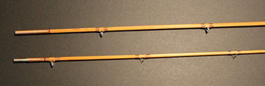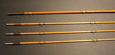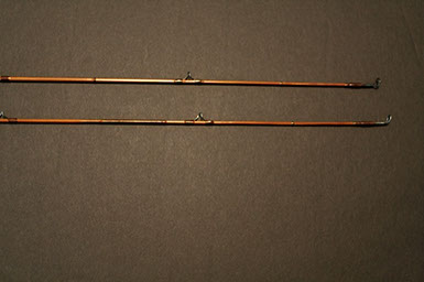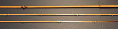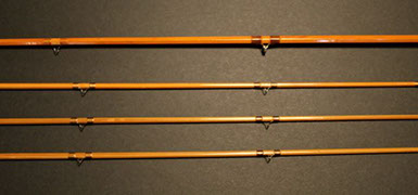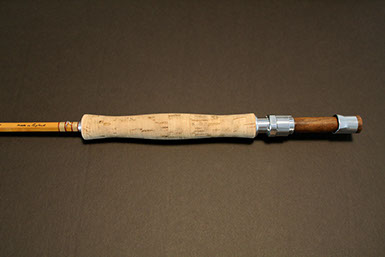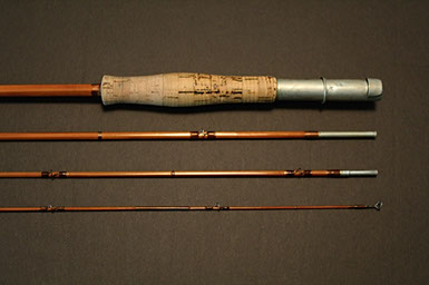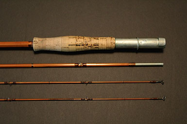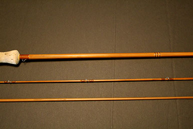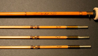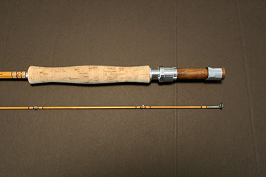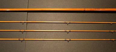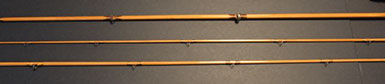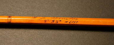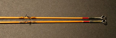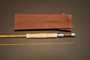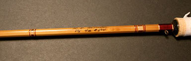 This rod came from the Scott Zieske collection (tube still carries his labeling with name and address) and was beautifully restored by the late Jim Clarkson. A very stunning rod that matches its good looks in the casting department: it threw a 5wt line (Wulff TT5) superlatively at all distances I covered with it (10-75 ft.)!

################

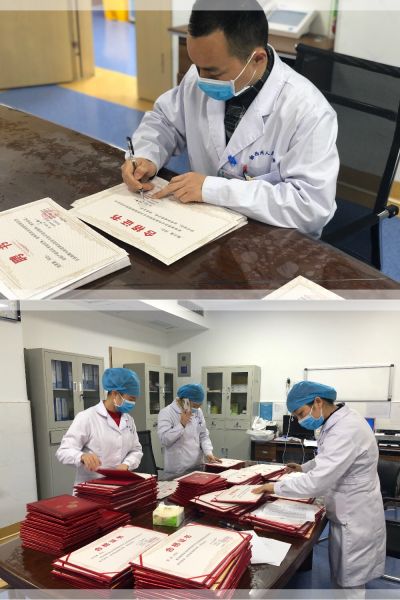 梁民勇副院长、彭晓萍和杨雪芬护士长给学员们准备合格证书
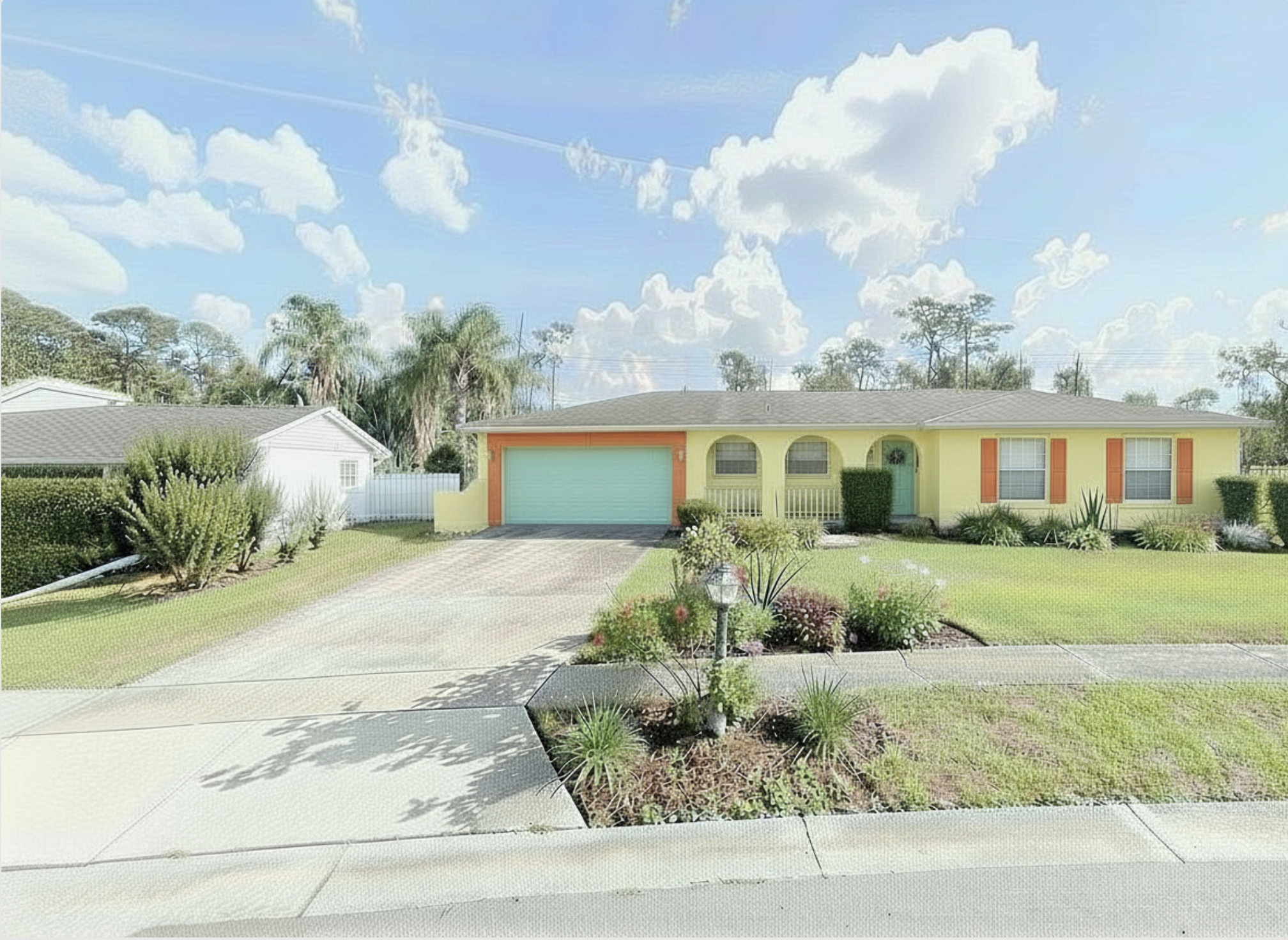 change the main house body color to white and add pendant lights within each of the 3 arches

################

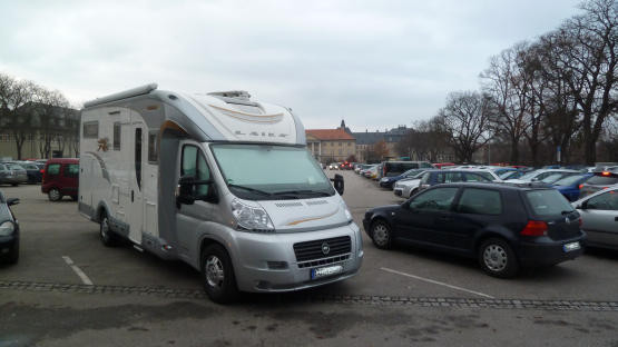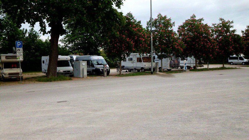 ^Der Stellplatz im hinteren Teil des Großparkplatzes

################

→ **Try it**
Retype only the lines above from the one with "梁民勇副院长、彭晓萍和杨雪芬护士长给学员们准备合格证书" through the one with "change the main", exactly and with both ends. Images stay out.

→ **Exercise output**
 梁民勇副院长、彭晓萍和杨雪芬护士长给学员们准备合格证书
 change the main house body color to white and add pendant lights within each of the 3 arches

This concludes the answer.